J’arrivais enfin à la cours des Dark Feys. Je constatais qu’Aaron était absent mais cela n’avait pas d’importance. On m’indiqua qu’il existait un Institut de magie dans lequel je pourrais parfaire la maitrise de mes pouvoirs.


Catherine Whitewood. Apprentissage à l’Institut.

Je  décidai de changer de nouveau mon identité. Je redevins une femme et prit le prénom de ma sœur Catherine. Pour nom de famille, je choisissais de garder celui de Whitewood.

A mon arrivée à l’Institut, je du raconter mon histoire à Sofia Chevalier. Je tentai dans un premier temps de lui mentir, mais grâce à un don de télépathie elle s’en rendit compte. Après une longue hésitation, je décidai de lui raconter la vérité.

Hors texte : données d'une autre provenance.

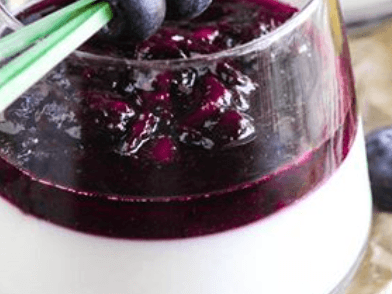 A smooth, creamy panna cotta delicately infused with lemongrass, finished with a luscious blueberry compote.

Elle m’avoua alors qu’elle avait également été reine et qu’elle n’avait pas l’intention de me livrer aux Tudor. Puis, elle m’assura qu’elle serait la seule ici à connaitre ma véritable identité.
Dans l’anonymat le plus total que j’assistai donc à des cours à l’Institut.J’appris à maitriser la manipulation des ombres, un don que j’avais découvert peu de temps après la mort de mon deuxième époux.  J’étudiais également d’autres sortilèges. Au bout de quelques temps, je découvris que j’avais en moi deux nouveaux pouvoirs. La téléportation et l’Energy blast.

Pendant ces années, j’étais plutôt heureuse. Je maitrisais de plus en plus ma magie. Je me liais d’amitié avec Sofia. Mais malgré cette amitié, nous rentions dans une espèce de jeu de séduction et de manipulation. Chacune pensant qu’elle pourrait obtenir monts et merveilles de la part de l’autre.

Pourtant, ma vie de reine me manquait. Les intrigues de la cours me manquaient. Mes enfants me manquaient. Je surveillais de loin leur vie. Lorsque j’appris  que la princesse Elisabeth Tudor était morte à seulement trois ans, j’envoyais un message de soutien à ma fille. Je savais trop bien la douleur de perdre un enfant.

Ce décès me ramena  à ceux de mes propres enfants. J’en avais eu douze et sept d’entre eux étaient morts. Certains dans l’atroce souffrance. Mon envie de vengeance était encore immense et je décidai de m’en prendre en premier lieu à Anne Mowbray.
En ne donnant pas d’héritier à Richard, elle avait échoué dans sa mission, il fallait qu’elle en paie le prix. Sans révéler mon identité, je payais des brigands pour qu’ils  la tuent au cours d’une attaque de son carrosse. Cette peste s’était remariée. Elle semblait avoir oublié qu’elle avait été l’épouse d’un roi. Ils m’annoncèrent qu’ils avaient réussi leur mission quelque temps plus tard.

Une fois ma formation terminée, je rejoignais l’équipe des chasseurs et je participai à différentes missions. Mais  lorsque j’entendis parler d’une femme maitrisant parfaitement la magie onirique, je décidai de partir parfaire également ce don qui était mon préféré.






Catherine Whitewood, au pays des rêves.


Je quittais alors l’Institut pour partir en direction d’une île au nord de la Norvège. Minuscule, elle avait à peu près la taille de l’abbaye de Bermondsey. Une forêt de conifères où volaient des centaines d’espèces d’oiseaux en faisait le tour. En son centre, un lac donnait à l’île l’aspect d’un anneau.
Après avoir fait plusieurs fois le tour de l’île sans y voir une seule personne, je me résolvais à la quitter. On m’avait sûrement indiqué un mauvais endroit. Ou alors, la femme avait quitté l’île.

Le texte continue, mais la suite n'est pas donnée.